Figure 7—figure supplement 2.

(a) Representation of manually-annotated cells in an active lesion, based on the detection of nuclei. (b) Segmented cells. (c–h) Identification of cells that express (for example CD45+HLA+) or do not express (for example Igκ/Igλ-CD3-) a biologically relevant set of markers. (i) Classification of myeloid cells. Purple arrows were used throughout (c–i) to track myeloid cells.
Figure 7—figure supplement 3. Manual selection of T cells.

Figure 7—figure supplement 3.

(a) Representation of manually-annotated cells in an active lesion, based on the detection of nuclei. (b) Segmented cells. (c–h) Identification of cells that express (for example CD45+CD3+CD4+ or CD8+) or do not express (for example Igκ/Igλ-) a biologically relevant set of markers. (i) Classification of T cells. Red arrows were used throughout (c–i) to track CD8+ T cells. Green arrows were used throughout c–i) to track CD4+ T cells. Cyan arrows were used throughout (c–i) to track CD4+ proliferating T cells.
Figure 7—figure supplement 4. Manual selection of B cells.

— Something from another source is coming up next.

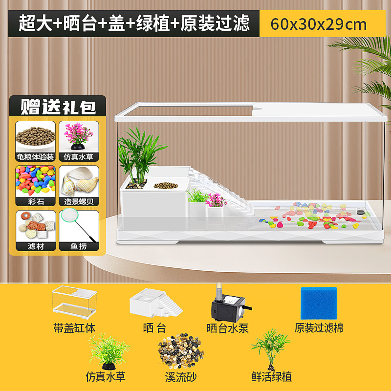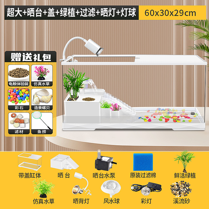 거북이 사육조, 뚜껑이 있는 소형 빌라, 소형 어항, 선베드가 있는 생태 조경, 등반대, 플라스틱 사육장

Figure 7—figure supplement 4.

(a) Representation of manually-annotated cells in a mixed active-inactive lesion, based on the detection of nuclei. (b) Segmented cells. (c–h) Identification of cells that express (for example CD45+Igκ/Igλ+) or do not express (for example CD3-CD4-CD8-) a biologically relevant set of markers. (i) Classification of B cells. Magenta arrows were used throughout c–i) to track B cells.
Figure 7—figure supplement 5. Gating strategy used for the identification of cell subsets.

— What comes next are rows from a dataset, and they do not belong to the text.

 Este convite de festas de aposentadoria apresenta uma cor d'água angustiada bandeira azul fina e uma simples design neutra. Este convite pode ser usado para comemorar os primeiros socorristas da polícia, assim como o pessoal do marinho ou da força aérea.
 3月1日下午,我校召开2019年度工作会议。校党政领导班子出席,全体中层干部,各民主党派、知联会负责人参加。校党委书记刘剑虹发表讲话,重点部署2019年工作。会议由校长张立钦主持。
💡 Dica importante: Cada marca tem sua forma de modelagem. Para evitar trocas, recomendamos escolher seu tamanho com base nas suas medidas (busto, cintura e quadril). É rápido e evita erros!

Figure 7—figure supplement 5.

Gating strategy for the identification of cell subset phenotypes and activation states of microglia, macrophages, T cells and B cells. In brief, the per-cell mean intensities of specific marker combinations are shown here in 2D log-log biaxial scatterplots. Gates were established based on pathologist-verified positive cells (see colored cells superimposed into each dotplot contrasting with non-verified cells in gray).
Figure 7—figure supplement 6. Gating strategy used for the generation of heat maps.

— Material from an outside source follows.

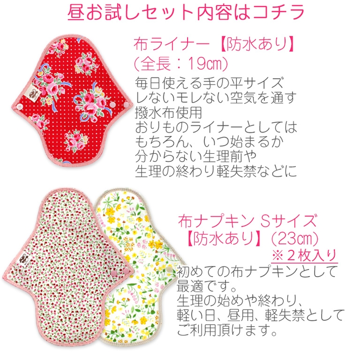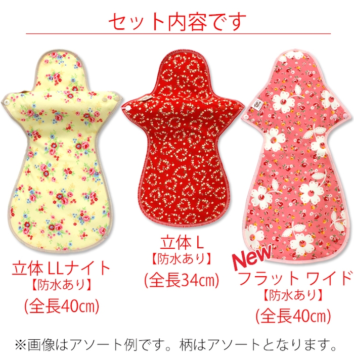 使い捨て布ナプキンから夜用の立体型布ナプキンまで、様々な用途の商品が入っています♪

Figure 7—figure supplement 6.

Using the quadrants that capture the appropriate positivity range of each cell phenotype shown in Figure 7—figure supplement 5, cells were subjected to the positive and negative gating strategies as outlined in the Materials and methods for each lineage and indicated in (a). Subsequently, these cells were plotted for the marker combinations listed in Table 2. The frequency of cells in each quadrant are indicated. Note that some CD3+CD45+ T cells could not be classified because they fell outside of the specified gates for either of the two markers – CD8+ cells that were not simultaneously CD4-, or CD4+ cells that were not simultaneously CD8-. This is due to the dynamic range of these particular markers and thus our inability to get a clean CD4+CD8- or CD4-CD8+ T cell population. Cells that fulfilled the gating criteria specified above each image, but which did not fulfill the requirements for classification as Macrophages, Microglia, B cells or T cells, are shown in blue.